> **Available data**:
--

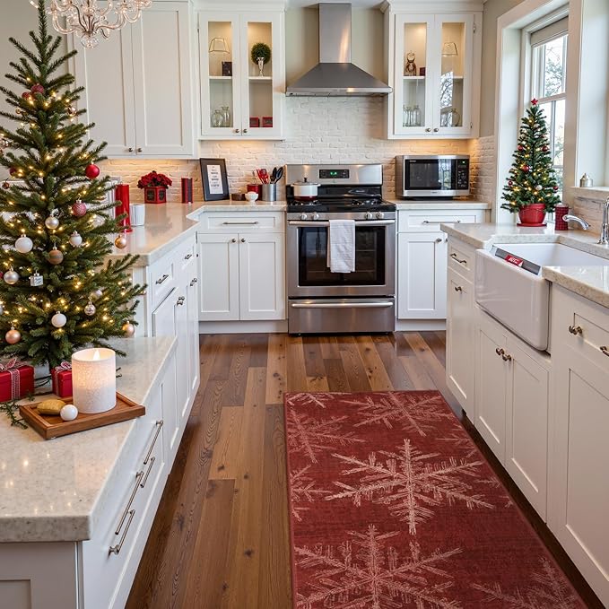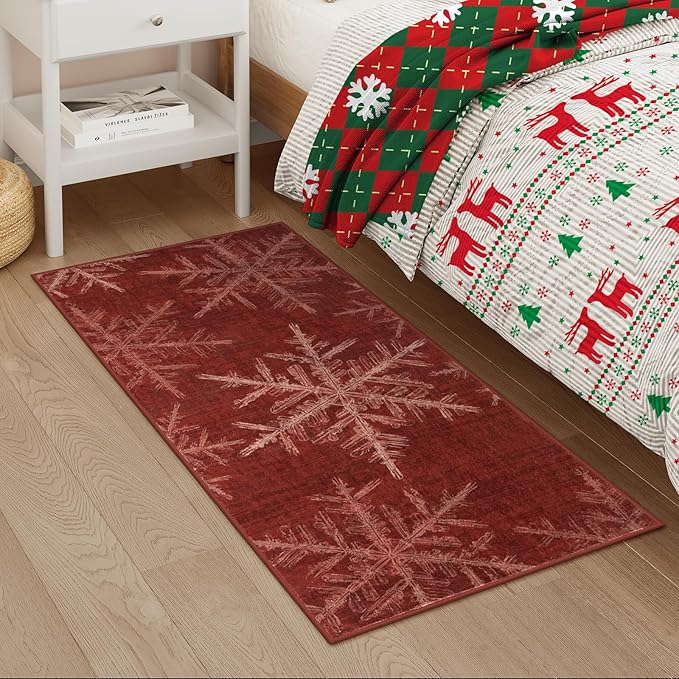 Lahome Snowflake Christmas Area Rug, 2x4 Washable Christmas Kitchen Rugs for Entryway Soft Doormat Indoor, Small Red Rug Non-Slip Holiday Decor Entryway Rugs for Bathroom Bedroom(2x4ft,Red)
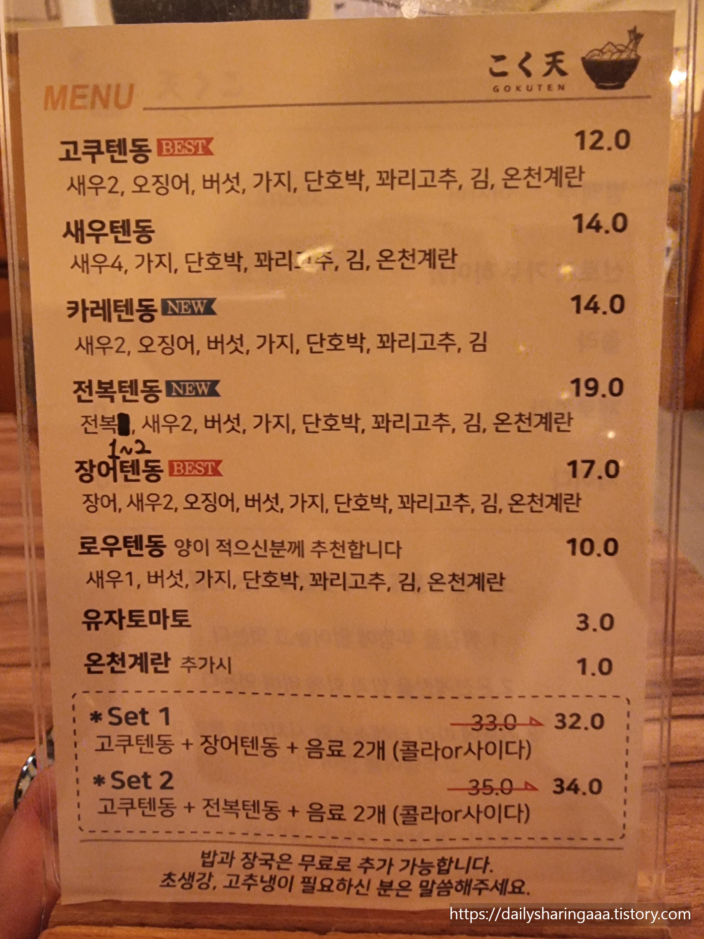 제일 기본인 고쿠 텐동 2인분
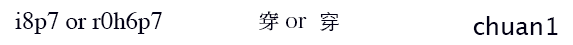 In the current version, the normal form for the character "chuan1", as depicted in the font currently used by your web browser, is 穿. The Codel tables used in MandarWeb use derivations of characters from a number of fonts. That is, in working out the Codels for "chuan1", you might arrive at "i8p7" or "r0h6p7". Looking either up in the Codel tables will still give you the same result, "chuan1".
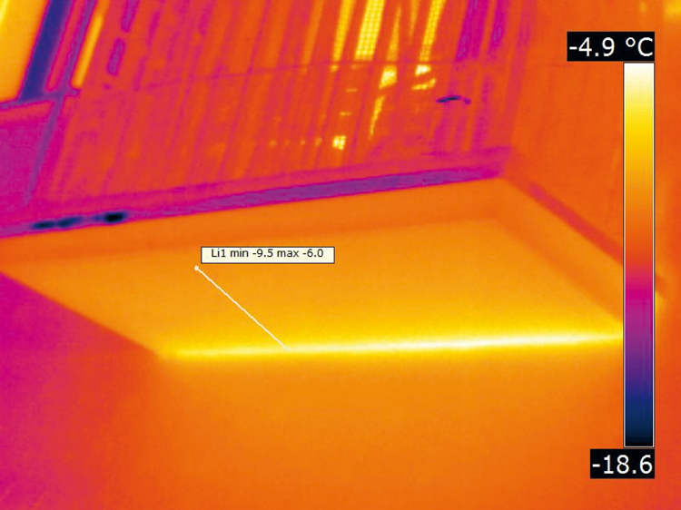 Rys. 2. Termogram płyty balkonu wspornikowego, widoczny mostek cieplny pod płytą balkonu

--

> **Exercise requirements**:
For this step, transcribe all the material above exactly and drop the images.

> **Output of the exercise**:
 Lahome Snowflake Christmas Area Rug, 2x4 Washable Christmas Kitchen Rugs for Entryway Soft Doormat Indoor, Small Red Rug Non-Slip Holiday Decor Entryway Rugs for Bathroom Bedroom(2x4ft,Red)
 제일 기본인 고쿠 텐동 2인분
 In the current version, the normal form for the character "chuan1", as depicted in the font currently used by your web browser, is 穿. The Codel tables used in MandarWeb use derivations of characters from a number of fonts. That is, in working out the Codels for "chuan1", you might arrive at "i8p7" or "r0h6p7". Looking either up in the Codel tables will still give you the same result, "chuan1".
 Rys. 2. Termogram płyty balkonu wspornikowego, widoczny mostek cieplny pod płytą balkonu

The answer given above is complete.